AWARDEE: V. Craig Jordan
FEDERAL FUNDING AGENCIES: National Institutes of Health, U.S Department of Defense
Sometimes, it’s the small moments of serendipity that define one’s path through life. So it is with V. Craig Jordan.
Jordan is known as the “father of tamoxifen,” a groundbreaking medication for breast cancer. He pioneered the scientific principles behind a new class of drugs that has helped save or improve millions of lives. And when he looks back on his accomplishments, what strikes him are the winding paths and unexpected developments that came together to produce a scientific success story.
A Winding Path to Scientific Insights
A Texan by birth, Jordan grew up in the United Kingdom. He admits to being a lackluster student as a teenager, but he was labeled by one teacher, in a university letter of recommendation, as a “VERY unusual young man” due to his singular scholarly passion: chemistry. By that time, Jordan was independently teaching university-level biochemistry to his classmates, and he won a place at the University of Leeds in the U.K. to pursue pharmacology. As a doctoral candidate in the early 1970s, he became intrigued by the idea of using drugs to treat cancer. At the time, for cancer doctors, chemotherapy was king. Tamoxifen, unlike chemo, was not designed to kill cancer cells, so most medical professionals then thought it was unlikely to save lives. Jordan’s idea was so unorthodox, he initially struggled to find a dissertation advisor; he found one in Arthur Walpole at the chemical company ICI (which would go on to become part of AstraZeneca).
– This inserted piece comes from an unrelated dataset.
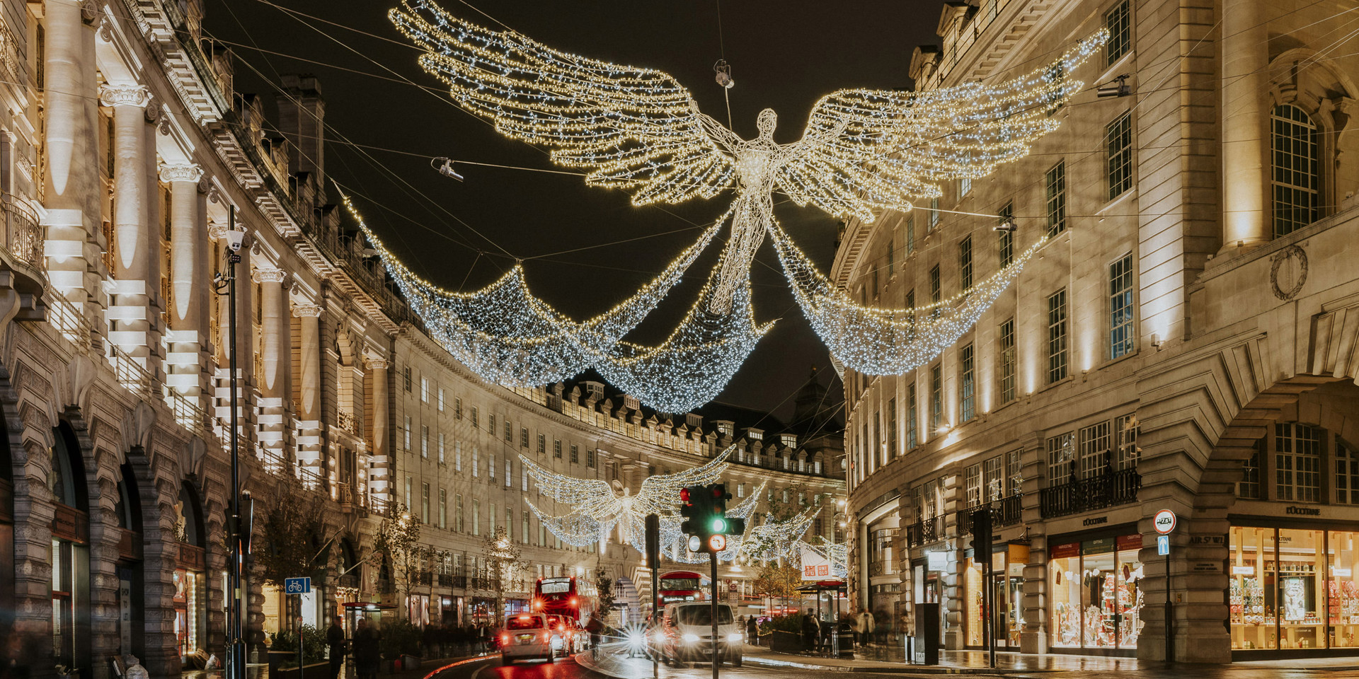 This British craftsmanship, timeless tailoring and fabulous style are echoed by the Christmas light display of angel figures in beautiful, billowing robes soaring above the streets.
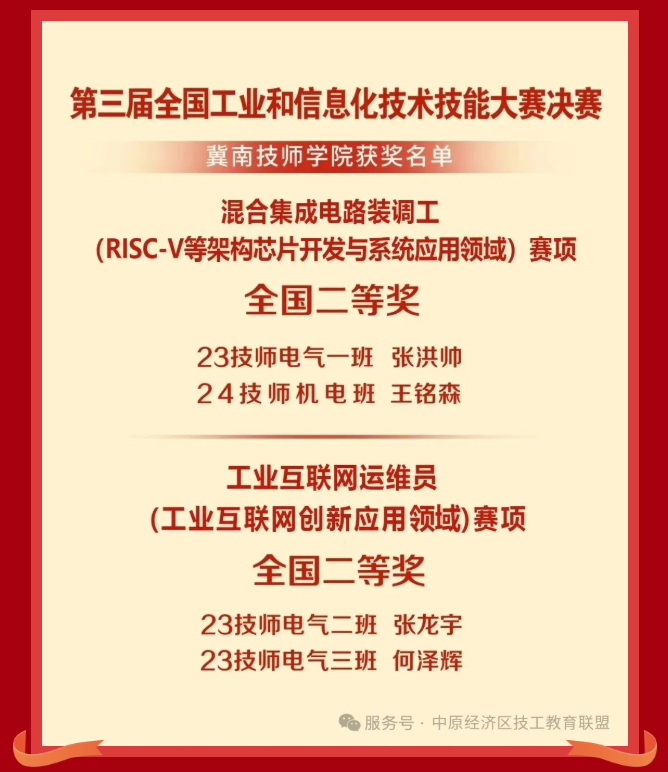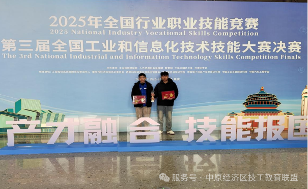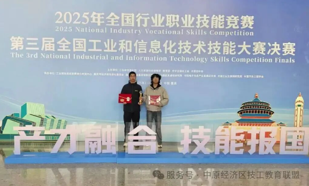 近日,由工业和信息化部、人力资源和社会保障部、教育部、中华全国总工会和共青团中央共同主办的第三届全国工业和信息化技术技能大赛(全国一类职业技能大赛)在重庆圆满落下帷幕。本届大赛聚焦智能网联新能源汽车、智能工业机器人、RISC-V等架构芯片开发与系统应用、工业大数据、制造业数字化转型、工业互联网创新应用等前沿技术领域,吸引了全国800余名技能精英同台竞技。经过激烈角逐,我院参赛选手凭借扎实的专业技能和出色的现场发挥,最终斩获两项二等奖,展现了我院高素质技能人才培养的优异成果。

Another obstacle at the time was sexism in research. Though breast cancer can affect anyone with breast tissue, it was largely considered one of the “women’s diseases,” Jordan recalls, which were not necessarily as fashionable in pharmacology as diseases such as coronary heart disease. Despite that, Jordan became curious about antiestrogens, substances that prevent cells from making or using estrogen, a hormone critical to female sex characteristics, menstruation, and pregnancy. In 1972, with some support from the National Institutes of Health, he began a two-year stint as a visiting scientist at the Worcester Foundation for Experimental Biology in Massachusetts to study the compound ICI 46,474, a “failed morning-after pill.” While there, he conducted animal studies on the compound, studies that helped pave the way for ICI 46,474 to receive approval as the first targeted therapy for breast cancer. It is now known – particularly to breast cancer patients and their families – as tamoxifen. The failure of tamoxifen as a contraceptive was one of what Jordan would describe as a series of disappointments that would ultimately turn into scientific insights. It was at WFEB where “everything changed,” Jordan says. “There, I was allowed to put my ideas into action.”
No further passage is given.